To download the fastq files from the NCBI and generate peptide counts, run:
cd download-and-count
bash download-and-count.sh sra-files.txt
In 2020, this script took about 6 hours to run on a 100 Mbit residential connection with a 2018 macbook pro. It will create about 10 Gb of fastq.gz
files.
To calculate enrichments from the counts files, run the fig_2cd-s3-s4-s5/fig_2cd-s3-s4-s5.ipynb
jupyter notebook.
The raw reads associated with this analysis are available as BioProject PRJNA646756. The samples are:
Accession | Sample |
---|---|
SRR12244639 | hA6_conv_1 |
SRR12244813 | hA6_comp_1 |
SRR12244638 | hA6_conv_2 |
SRR12244812 | hA6_comp_2 |
SRR12244629 | hA5_conv_1 |
SRR12244637 | hA5_comp_1 |
SRR12244628 | hA5_conv_2 |
SRR12244636 | hA5_comp_2 |
SRR12244543 | aA5A6_conv_1 |
SRR12244560 | aA5A6_comp_1 |
SRR12244542 | aA5A6_conv_2 |
SRR12244559 | aA5A6_comp_2 |
SRR12244562 | alt_conv_1 |
SRR12244584 | alt_comp_1 |
SRR12244561 | alt_conv_2 |
SRR12244583 | alt_comp_2 |
Calculate the the number of time each peptide is seen in the relavent .fastq.gz
file using hops_count
. This script applies some quality control:
- Is the sequence translatable in-frame, without stops or nonsensical codons?

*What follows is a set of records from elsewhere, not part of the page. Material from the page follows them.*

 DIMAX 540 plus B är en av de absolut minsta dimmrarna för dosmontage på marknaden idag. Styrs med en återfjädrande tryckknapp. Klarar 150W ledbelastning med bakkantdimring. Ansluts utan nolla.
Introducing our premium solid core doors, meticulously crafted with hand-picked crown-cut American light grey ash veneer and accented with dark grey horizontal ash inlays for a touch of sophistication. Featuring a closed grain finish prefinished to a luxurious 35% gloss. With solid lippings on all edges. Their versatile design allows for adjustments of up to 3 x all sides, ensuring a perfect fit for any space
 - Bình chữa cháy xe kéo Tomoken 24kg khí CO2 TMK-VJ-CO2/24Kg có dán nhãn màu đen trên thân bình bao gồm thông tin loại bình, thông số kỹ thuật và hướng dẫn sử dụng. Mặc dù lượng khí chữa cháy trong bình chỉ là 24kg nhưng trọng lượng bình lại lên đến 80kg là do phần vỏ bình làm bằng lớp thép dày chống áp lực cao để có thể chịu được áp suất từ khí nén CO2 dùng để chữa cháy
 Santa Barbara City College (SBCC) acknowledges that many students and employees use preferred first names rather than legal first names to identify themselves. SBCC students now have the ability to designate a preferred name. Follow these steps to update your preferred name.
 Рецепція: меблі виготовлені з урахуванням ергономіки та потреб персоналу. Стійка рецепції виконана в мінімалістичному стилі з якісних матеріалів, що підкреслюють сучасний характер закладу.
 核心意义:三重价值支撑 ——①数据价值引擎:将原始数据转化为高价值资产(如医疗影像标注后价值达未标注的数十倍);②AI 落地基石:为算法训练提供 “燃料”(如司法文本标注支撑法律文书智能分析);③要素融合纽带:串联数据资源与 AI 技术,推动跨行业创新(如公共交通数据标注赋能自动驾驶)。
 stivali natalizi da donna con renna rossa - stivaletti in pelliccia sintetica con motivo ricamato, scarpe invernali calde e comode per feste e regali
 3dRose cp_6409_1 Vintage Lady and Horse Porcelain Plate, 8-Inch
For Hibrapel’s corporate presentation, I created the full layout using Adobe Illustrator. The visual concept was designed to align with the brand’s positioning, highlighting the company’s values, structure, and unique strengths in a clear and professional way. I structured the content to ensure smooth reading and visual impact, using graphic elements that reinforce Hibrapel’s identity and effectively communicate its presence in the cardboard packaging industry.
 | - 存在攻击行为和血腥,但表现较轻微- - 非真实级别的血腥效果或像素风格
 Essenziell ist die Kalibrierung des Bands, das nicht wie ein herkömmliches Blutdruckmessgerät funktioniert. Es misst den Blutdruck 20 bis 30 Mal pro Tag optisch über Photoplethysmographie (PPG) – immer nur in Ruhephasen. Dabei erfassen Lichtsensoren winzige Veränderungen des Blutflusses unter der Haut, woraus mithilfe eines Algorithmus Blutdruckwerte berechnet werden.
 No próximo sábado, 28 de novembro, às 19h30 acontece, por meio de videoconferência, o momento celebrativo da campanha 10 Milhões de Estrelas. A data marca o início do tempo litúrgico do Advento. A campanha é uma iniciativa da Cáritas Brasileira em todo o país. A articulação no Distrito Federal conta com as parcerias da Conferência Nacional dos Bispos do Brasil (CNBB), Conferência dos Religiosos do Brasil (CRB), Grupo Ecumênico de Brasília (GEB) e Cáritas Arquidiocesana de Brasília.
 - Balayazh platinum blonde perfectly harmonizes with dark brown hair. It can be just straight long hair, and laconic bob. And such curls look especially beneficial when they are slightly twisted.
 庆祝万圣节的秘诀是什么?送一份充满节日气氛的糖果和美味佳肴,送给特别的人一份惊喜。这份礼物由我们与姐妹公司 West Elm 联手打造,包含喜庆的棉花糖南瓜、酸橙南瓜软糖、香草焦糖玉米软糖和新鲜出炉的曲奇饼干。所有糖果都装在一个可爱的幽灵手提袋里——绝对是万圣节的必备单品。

- Is the average PHRED score above a cutoff (15 as we ran the analysis)?
- Is the flanking phage region correct to within one base across the whole sequence?
hops_count hA5.fastq.gz -o hA5.counts
Each figure directory contains data files, jupyter notebooks, and scripts necessary to reproduce the indicated figures.